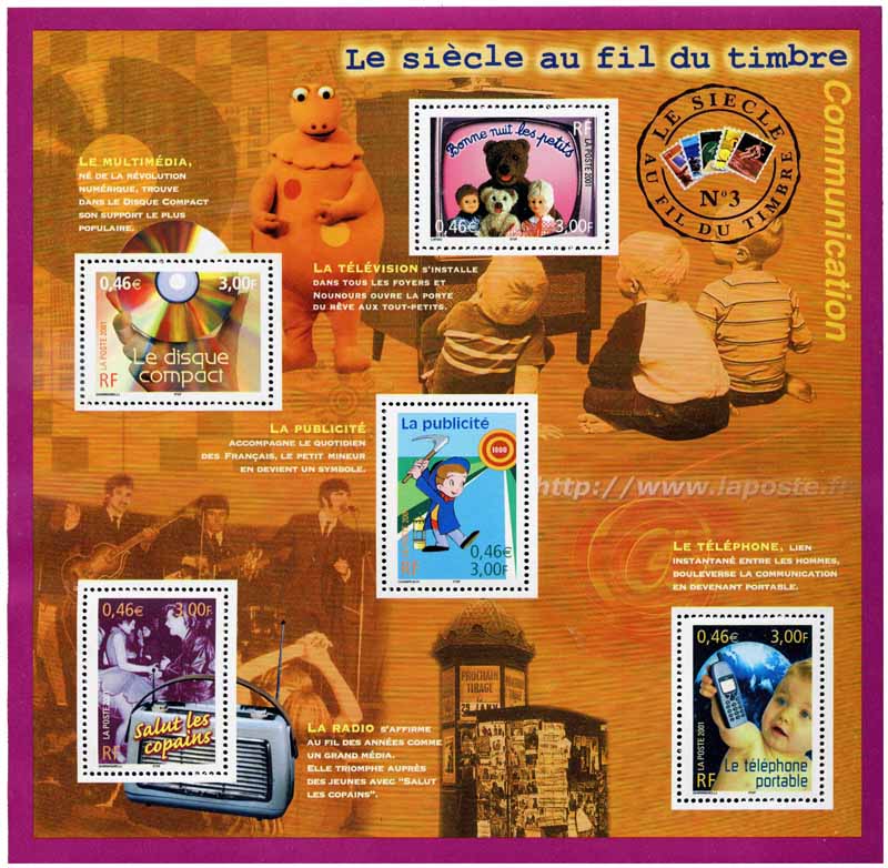 | Commentaire | Description synthétique du visuel du produit : Ce produit est le troisième bloc de la collection Le siècle au fil du timbre. Comme pour les blocs précédents, les thèmes des timbres ont été choisis à la suite d’une consultation auprès des Français. Les cinq sujets plébiscités par le public pour ce troisième bloc commémorant les évènements ayant marqué le siècle en matière de communication sont : Bonne nuit les petits (les incontournables de la télévision), Le disque compact (les supports de diffusion), le petit mineur (les publicités qui ont fait date), Salut les copains (les grandes heures de la radio), Le téléphone portable (les outils personnels de communication). Sont mis en scène sur le fond : un disque vinyle, Casimir, des enfants regardant la télévision, un groupe musical, l’arobase et une adresse internet pour illustrer le web, un kiosque à journaux en hommage à la presse écrite. Pour conserver la logique de collection, le format, le cachet d’oblitération et la typographie du titre ont été conservés. Afin de renouveler l’intérêt des amateurs de timbres, l’esprit en est plus contemporain, les couleurs plus modernes et chaudes. |
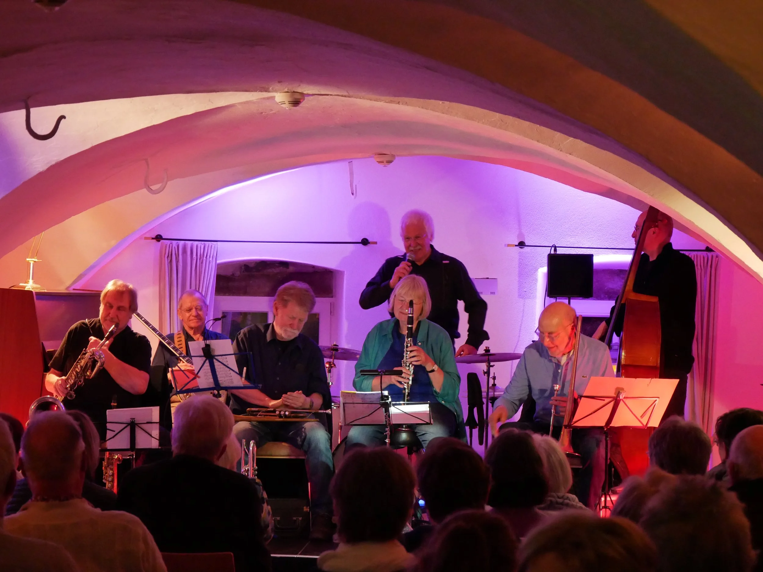 Knapp zwei unterhaltsame Stunden lagen vor den Besuchern und die Zeit wurde von den Musikern gekonnt mit Swing, Dixie und Blues gefüllt. Die Jazzer nahmen das Publikum mit auf die musikalische Reise. So entführten die Musiker ihre Zuhörer jazztechnisch auf die Insel Capri oder zum Scheich von Arabien. Mit einem Schlagzeugsolo ging die Band in die Pause, um anschließend mit Kontrabass, Klarinetten, Banjo, Saxophon und Gesang durchzustarten. So begannen ganz ruhig die Klarinetten mit einem Thema, nach und nach kamen die weiteren Instrumente hinzu, bis sich ein volles harmonisches Jazzstück entwickelte. Das fachkundige Publikum honorierte mit anhaltendem Applaus. Zur Erheiterung der Zuhörer präsentierten die Musiker an einer Stelle ein erkennbar disharmonisches Stück, was zu Diskussionen unter den Jazzern führte, der zweite Versuch war dann ein voller Erfolg. Rundum gesagt - der Abend bot wunderbare Jazzmusik, einige Überraschungen und humorige Einlagen. Als Zugabe präsentierten die Musiker den Klassiker „When the saints go marching in“ und wurden mit viel Applaus verabschiedet.
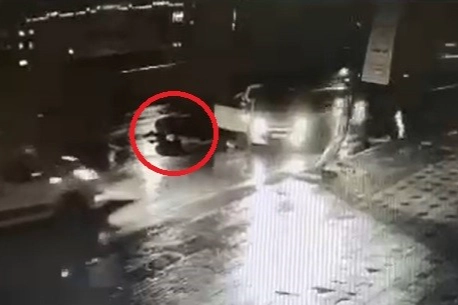 Yağmur sebebiyle düz yolda kayan bir otomobil kontrolden çıkarak yol kenarındaki beton elektrik direğine çaptı. Ortadan ikiye yamulan otomobilin sürücüsü çarpmanın etkisiyle otomobilin kapısından fırlayıp trafiğin aktığı yolun ortasına yuvarlandı.
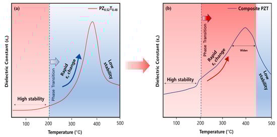 Lead zirconate titanate (PZT: PbZrxTi(1−x)O3) is a material of great interest due to its remarkable property enhancements in the morphotropic phase boundary (MPB) region, making it highly suitable for various applications. In the MPB region, tetragonal and rhombohedral phases coexist, maximizing interactions between the phases. Notably, polycrystalline PZT ceramics near the MPB composition of x ≈ 0.52 exhibit maximum dielectric permittivity and electromechanical coupling coefficients, which enhance their potential for use in diverse applications, such as piezoelectric transducers, pyroelectric detectors, and non-volatile memory devices [1]. It maintains a relatively stable dielectric coefficient up to approximately 200 °C; however, beyond this temperature, a phase transition occurs within a narrow temperature range, causing a sharp increase in the dielectric coefficient and pronounced temperature dependence. Analyzing the temperature-dependent permittivity data of conventional PZT bulk reveals the following trends. In the temperature range of 25 °C to 200 °C, prior to entering the phase-transition region, the permittivity increases relatively moderately, with a change rate of approximately 15%. However, in the range of 200 °C to 300 °C, approaching the phase-transition region, the permittivity increases sharply, resulting in a significant change rate of around 86%, which coincides with the rhombohedral-to-tetragonal phase transition, further intensifying permittivity variation. Particularly, in the range of 300 °C to 350 °C, as the material enters the phase-transition region, the permittivity change rate dramatically rises to approximately 107% [2]. This rapid change in permittivity reflects the structural transformations and sensitivity of domain alignment within the phase-transition region. Despite the high absolute values of permittivity, the excessively large relative change rate with temperature imposes limitations on its reliability for the broad temperature range. Therefore, strategies to suppress or stabilize the permittivity change rate in the phase-transition region are essential for improving the practicality of these materials with thermal stability. Therefore, the key is to maintain high permittivity over a wide temperature range, even at high temperatures where phase transitions occur, while minimizing the variation in permittivity with temperature.
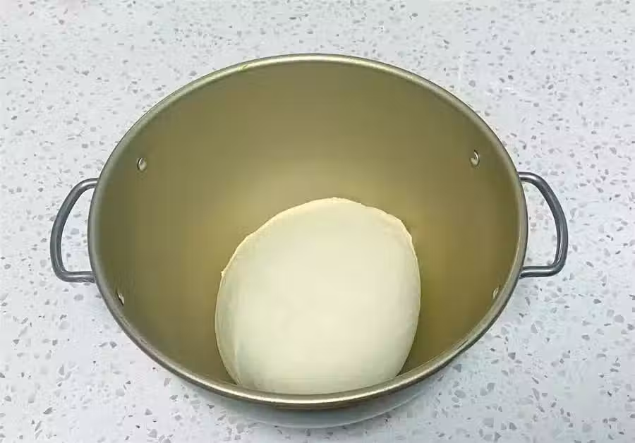 3、發酵好的中種麵團,用手拉開內部組織,呈蜂窩狀態,大約是原麵團的3倍大。
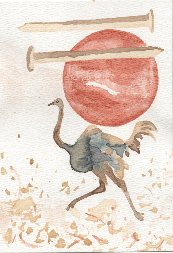 I have always wanted to run like an ostrich. When I was a child, I thought I could. The trick was to run watching my own feet, until the paved stones of a housing complex in Nairobi, Kenya, began to blur. The ostrich is earth’s largest bird, our fastest bird, and can kill a lion with one kick. I didn’t think about that part where the ostrich hides her head in the sand to escape danger.
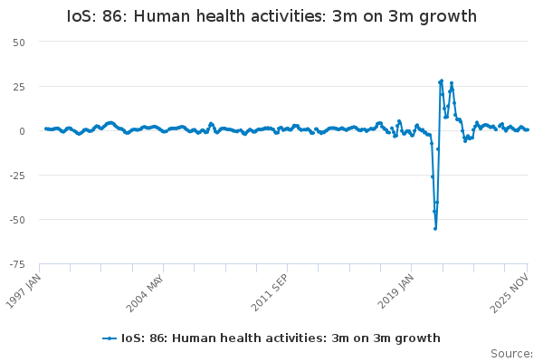 Download this time seriesIoS: 86: Human health activities: 3m on 3m growth
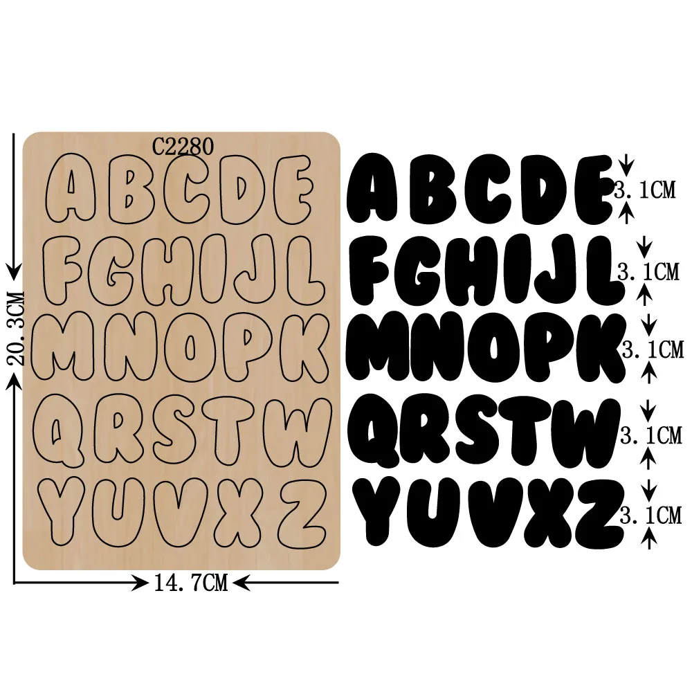 Новая деревянная высечка для скрапбукинга с буквенным принтом, высечки для скрапбукинга, высечки разных размеров
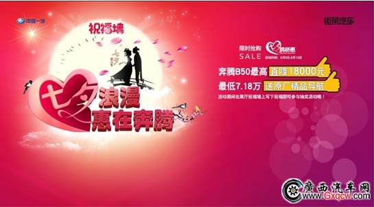 為回饋廣大消費者對奔騰品牌一直以來的支持與厚愛,廣西鉅榮奔騰#浪漫七夕 惠在奔騰#活動開始了,8月9日-8月13日到展廳祝福墻上寫下祝福---大聲說出你的七夕祝福!即可參與抽獎活動!贏取七夕禮品!同時, 8月1日-13日關注鉅榮奔騰官博,轉發(fā)并@三位好友,大聲說出你的七夕祝福!活動結束后我們會隨機抽取幸運博友,贏取七夕禮品。實物禮品:50元移動充值卡一張(1)、水晶相框一個(5)、情侶對杯一套(10)。詳情咨詢:0771-3216008。
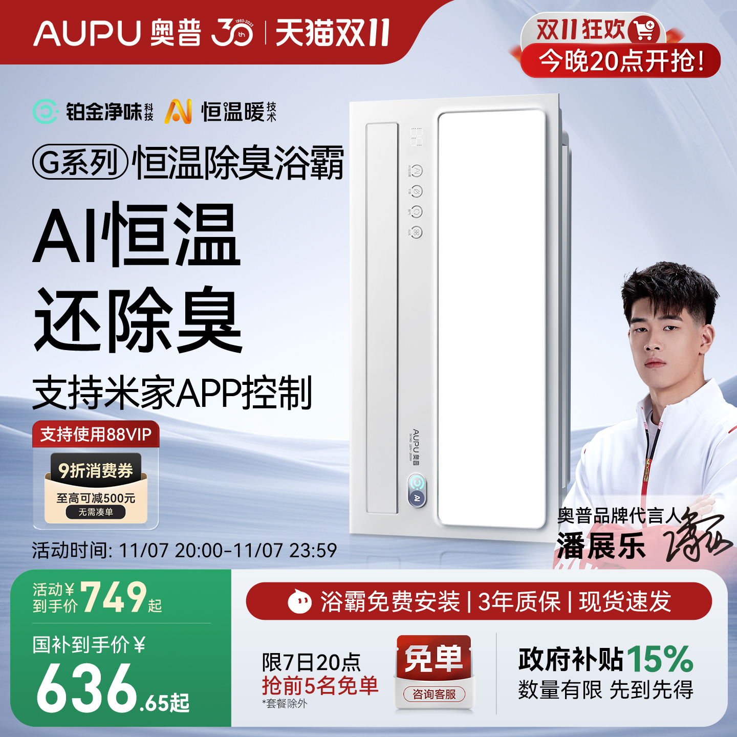政府补贴奥普风暖浴霸智能AI恒温除臭卫生间照明排气扇一体S01MD
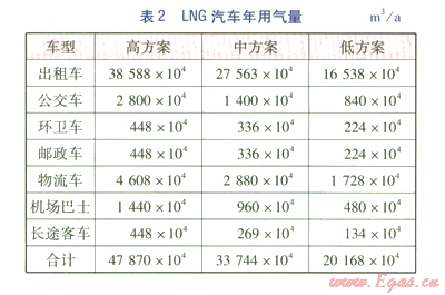 根據各類LNG車輛潛在用戶的特點,對各類LNG汽車發展數量及年用氣量進行了高、中、低3種方案的預測,分別見表1、2。
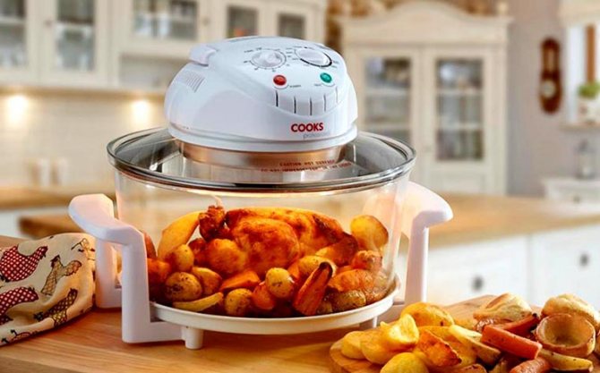 В основе аэрогриля – электрическая печь, которая подогревает продукты не снизу, а сверху. Прибор представляет собой круглую стеклянную емкость объемом 6-17 л на пластиковой подставке. В комплект входит крышка диаметром 300-450 мм. Внутрь прибора помещают решетку или противень для продуктов, которые выкладывают сверху в натуральном виде или предварительно заворачивают в фольгу.

··········

Only the lines from the one containing "根據各類LNG車輛潛在用戶的" through the last line of the records above should be repeated, exactly and without pictures.

#### [YOUR SOLUTION]
 根據各類LNG車輛潛在用戶的特點,對各類LNG汽車發展數量及年用氣量進行了高、中、低3種方案的預測,分別見表1、2。
 В основе аэрогриля – электрическая печь, которая подогревает продукты не снизу, а сверху. Прибор представляет собой круглую стеклянную емкость объемом 6-17 л на пластиковой подставке. В комплект входит крышка диаметром 300-450 мм. Внутрь прибора помещают решетку или противень для продуктов, которые выкладывают сверху в натуральном виде или предварительно заворачивают в фольгу.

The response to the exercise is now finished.